(Records from a data source)
+++++

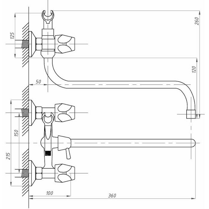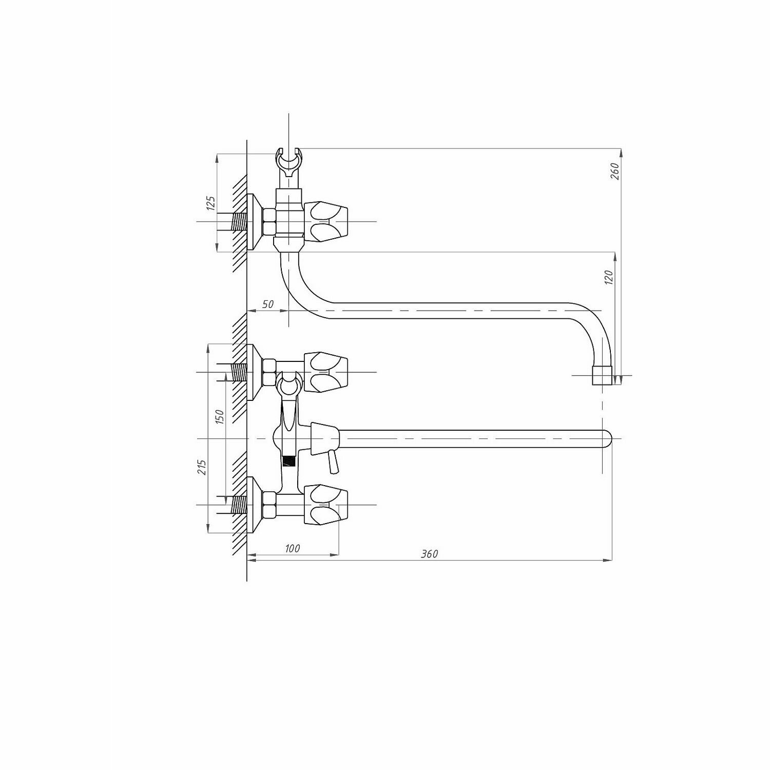 Смеситель для ванны и умывальника 1/2 кер ПСМ-157-48 евро тип см-вудрншла, экс "евро",крест
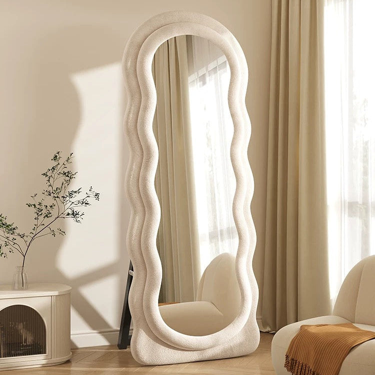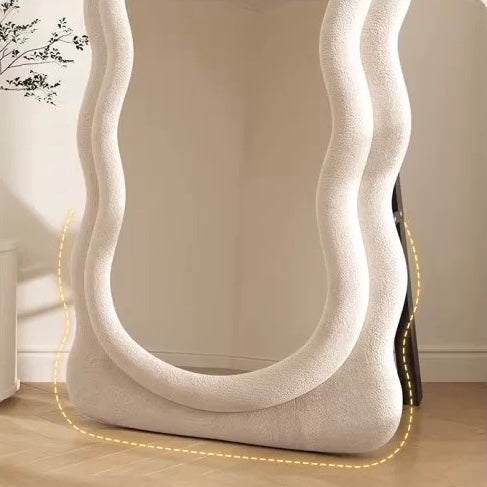 This wavy upholstered full-length mirror introduces a gentle, stylish character to any environment. The high-clarity reflection and flexible display options—free-standing or wall-mounted—make it suitable for boutiques, studios, or home spaces. It brings together aesthetic appeal and everyday practicality in a balanced, thoughtful way.
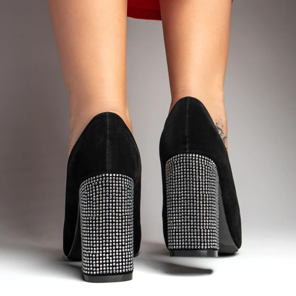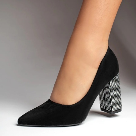 Pantofi dama cu toc gros si strasuri aplicate negru suede MOD11938
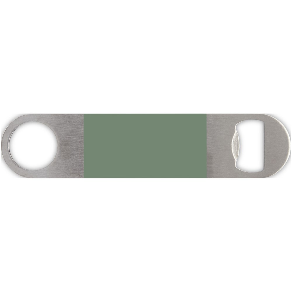 Flaschenöffner aus Edelstahl mit einer großen farbigen Fläche in der Mitte.
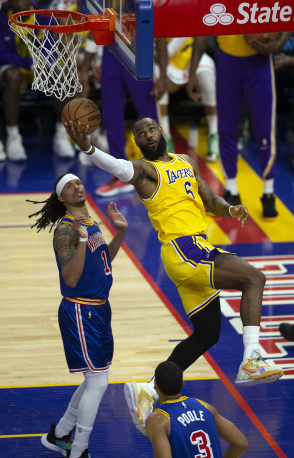 Lebron je poluvreme završio sa 18 poena šutem 7/12 čime je pomogao Lejkersima da drže priključak sa Voriorsima.
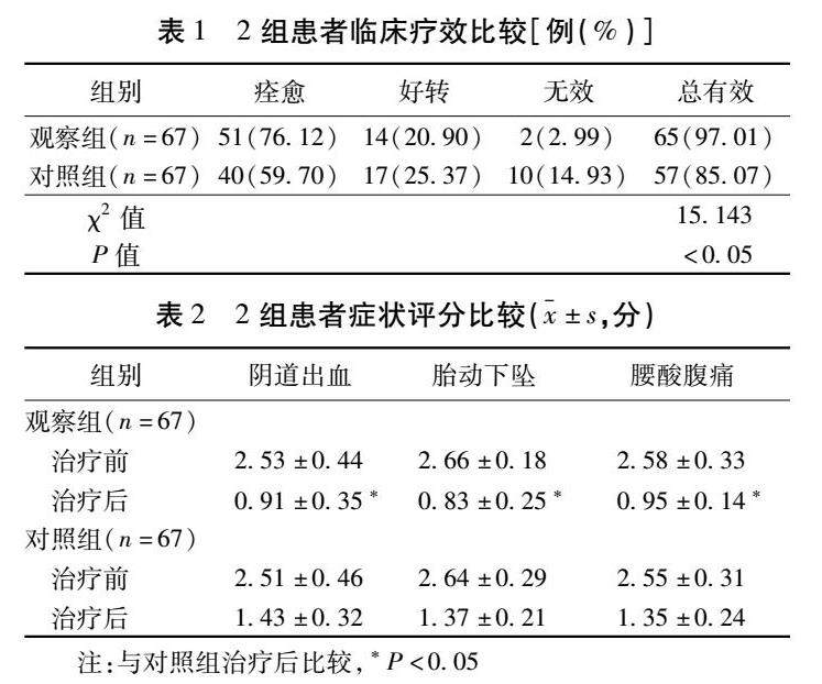 摘要 目的:观察胎动不安患者联合应用地屈孕酮、中药足浴治疗的临床效果。方法:选取2021年9月至2022年9月福建省南平市松溪县妇幼保健院收治的胎动不安患者134例作为研究对象,按照随机数字表法分为对照组和观察组,每组67例。对照组予以地屈孕酮治疗,观察组予以地屈孕酮+中药足浴治疗。结果:观察组临床疗效高达97.01%,较对照组更高,差异有统计学意义(P<0.05);观察组阴道出血、胎动下坠、腰酸腹痛等症状评分较对照组更低,差异均有统计学意义(均P<0.05);观察组血清雌二醇、孕酮、人绒毛膜促性腺激素(HCG)表达水平较对照组更高,差异均有统计学意义(均P<0.05);观察组抑郁/焦虑情绪评估得分、睡眠质量评估得分较对照组更低,差异均有统计学意义(均P<0.05);观察组与对照组恶心、过敏、头痛等不良反应比较,差异无统计学意义(P>0.05)。(剩余6942字)

+++++

● **What is expected**
The reply should hold every record, unchanged, and no pictures.

● **Response area**
 Смеситель для ванны и умывальника 1/2 кер ПСМ-157-48 евро тип см-вудрншла, экс "евро",крест
 This wavy upholstered full-length mirror introduces a gentle, stylish character to any environment. The high-clarity reflection and flexible display options—free-standing or wall-mounted—make it suitable for boutiques, studios, or home spaces. It brings together aesthetic appeal and everyday practicality in a balanced, thoughtful way.
 Pantofi dama cu toc gros si strasuri aplicate negru suede MOD11938
 Flaschenöffner aus Edelstahl mit einer großen farbigen Fläche in der Mitte.
 Lebron je poluvreme završio sa 18 poena šutem 7/12 čime je pomogao Lejkersima da drže priključak sa Voriorsima.
 摘要 目的:观察胎动不安患者联合应用地屈孕酮、中药足浴治疗的临床效果。方法:选取2021年9月至2022年9月福建省南平市松溪县妇幼保健院收治的胎动不安患者134例作为研究对象,按照随机数字表法分为对照组和观察组,每组67例。对照组予以地屈孕酮治疗,观察组予以地屈孕酮+中药足浴治疗。结果:观察组临床疗效高达97.01%,较对照组更高,差异有统计学意义(P<0.05);观察组阴道出血、胎动下坠、腰酸腹痛等症状评分较对照组更低,差异均有统计学意义(均P<0.05);观察组血清雌二醇、孕酮、人绒毛膜促性腺激素(HCG)表达水平较对照组更高,差异均有统计学意义(均P<0.05);观察组抑郁/焦虑情绪评估得分、睡眠质量评估得分较对照组更低,差异均有统计学意义(均P<0.05);观察组与对照组恶心、过敏、头痛等不良反应比较,差异无统计学意义(P>0.05)。(剩余6942字)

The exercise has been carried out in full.